Global jet accident rate last year ‘best on record’ despite MAS losses

Global jet accident rate last year ‘best on record’ despite MAS losses

The global jet accident rate in 2014 was the lowest in history and the equivalent of one accident for every 4.4 million flights, new Iata figures reveal.

This compared to an average of one accident every 2.4 million flights the previous year and was an improvement over the five-year rate from 2009.

The global commercial aircraft safety performance came despite the loss of two Malaysia Airlines aircraft.

There were 12 fatal accidents involving all aircraft types last year with 641 deaths, compared with an average of 19 fatal accidents and 517 fatalities per year in the five-year period from 2009.

More than 3.3 billion people flew safely on 38 million flights – 30.6 million by jet, 7.4 million by turboprop – the figures show.

The 73 accidents involving all aircraft types was down from 81 in 2013 and the five-year average of 86 a year.

Iata director general and chief executive Tony Tyler said: “Any accident is one too many and safety is always aviation’s top priority. While aviation safety was in the headlines in 2014, the data show that flying continues to improve its safety performance.

The year will be remembered for two “extraordinary and tragic events” — the losses of MAS flights MH 370 and MH 17.

Although the reasons for the disappearance and loss of MH 370 are unknown, it is classified as a fatal accident—one of the 12 in 2014.

The aviation industry has welcomed the proposal by the International Civil Aviation Organisation to move towards the adoption of a performance-based standard for global tracking of commercial aircraft, supported by multi-national operational assessments to evaluate impact and guide implementation.

The destruction of MH 17 by anti-aircraft fire over Ukraine is not included as an accident under globally-recognised accident classification criteria, according to Iata. The four aircraft involved in the events of 9/11 were treated in the same way.

“The shooting down of MH 17 took with it 298 lives in an act of aggression that is by any measure unacceptable,” said Tyler.

“Governments and industry have come together to find ways to reduce the risk of over-flying conflict zones. This includes better sharing of critical information about security risks to civil aviation. And we are calling on governments to find an international mechanism to regulate the design, manufacture and deployment of weapons with anti-aircraft capabilities.

“To the flying public an air tragedy is an air tragedy, regardless of how it is classified. In 2014 we saw a reduction in the number of fatal accidents—and that would be true even if we were to include MH 17 in the total.

“The greatest tribute that we can pay to those who lost their lives in aviation-related tragedies is to continue our dedication to make flying ever safer. And that is exactly what we are doing.”

Meanwhile, the British Airline Pilots’ Association says aircraft should be modified to send a burst of vital technical data from the cockpit as soon as aircraft behaves outside normal flight patterns a year on from the disappearance of MH370.

Balpa also welcomed the trial of improved tracking of aircraft flying in and out of Australia.

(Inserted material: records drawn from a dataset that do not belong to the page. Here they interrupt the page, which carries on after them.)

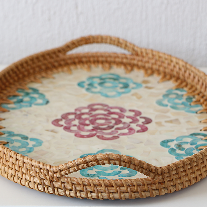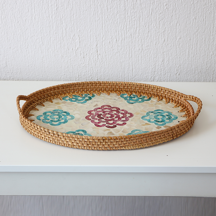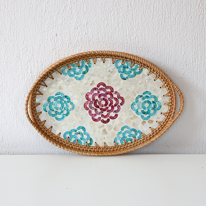 Anita Oval Orta Boy Mavi & Bordo Desenli Sedefli Mozaik Tepsi & Duvar Dekoru 40x27x5 cm
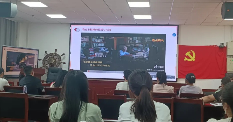 在党课学习的环节,付娆同志从时代需要教育家精神,教育家精神的特质与内涵,以及如何践行教育家精神等方面讲述一名优秀的党员应当遵从教育家精神,铸牢信念之基,扎下从教立身之根。付娆同志强调,教育家精神不仅体现在言传身教,更在于以身作则,将全会精神与日常教学相结合,以实际行动肩负起培养社会主义建设者和接班人的使命。学生党员徐宏飞从观看教育家精神后的自身感触出发,认为身为学生党员应当在日常生活中贯彻落实教育家精神,在实践中践行教育家精神。
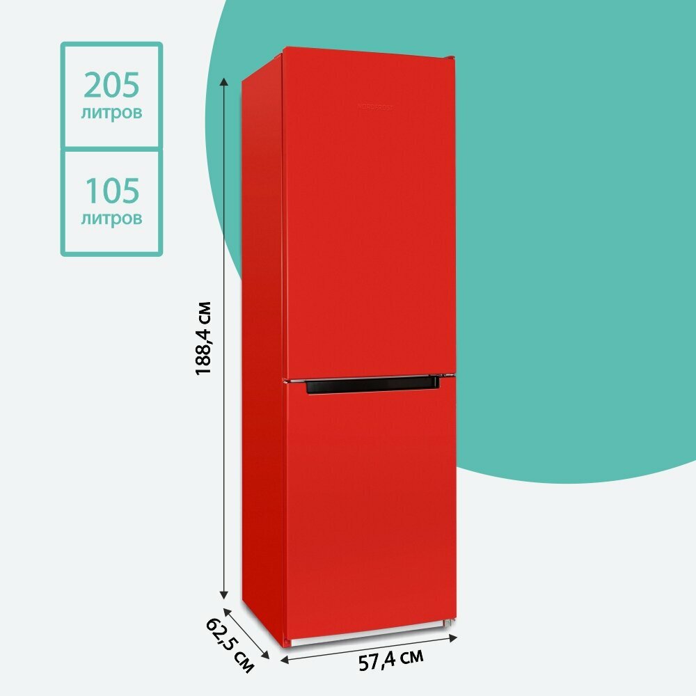 Купить Холодильник NORDFROST NRB 162NF R двухкамерный,красный, No Frost в МК, 310 л
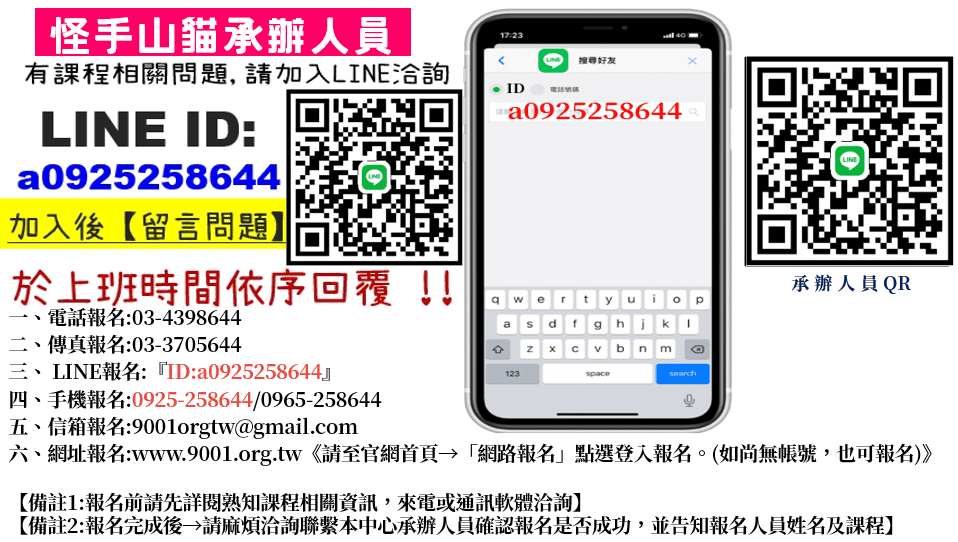 報名完成後 請麻煩聯繫確認本單位-專案承辦小姐,並且告知報名人員姓名及報名地區,以便往後通知聯繫考證訓練課程 :中華技能-李小姐【
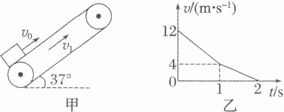 如图甲所示,倾斜的传送带正以恒定速率v₁沿顺时针方向转动,传送带的倾角为37°,一煤块以初速度v₀沿传送带向上从传送带的底端冲上传送带,其运动的v-t图像如图乙所示,煤块运动到传送带顶端时速度恰好为零,sin37°=0.6,cos37°=0.8,g取10m/s²,则(
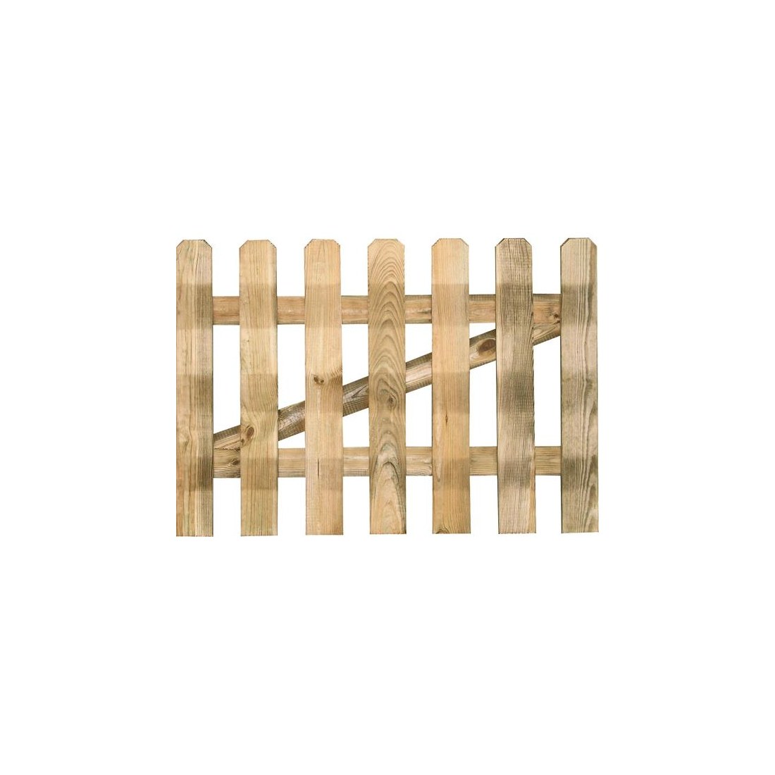 Πόρτα φράχτη από εμποτισμένη ξυλεία, αποτελούμενος από 7 λείες τάβλες πλάτους 9cm και πάχους 2cm τοποθετημένες κάθετα. Διατίθεται μαζί με τους μεντεσέδες και συνδυάζεται με τον λείο φράχτη με 11 ξύλα.

Pilots want this trial to lead to minimum global standards and technology in flight tracking to minimise the pain caused to the family of passengers and the crew while an aircraft is being located.  

General secretary Jim McAuslan said: “Being able to locate a crashed aircraft, understand what has gone wrong and stop it happening again is vital to making every flight safe.

“With the right safeguards against misuse in place, pilots want more cockpit information to be transmitted when a flight gets into trouble and stored in a ‘virtual black box’.

“This would help to minimise the unacceptable anguish suffered by the families of the passengers and crew while they wait for information.

“Pilots also welcome the trialling of improved tracking technology and practices and want to work with airlines and regulators to establish minimum international tracking standards so that aircraft can be quickly found, wherever they are in the world.”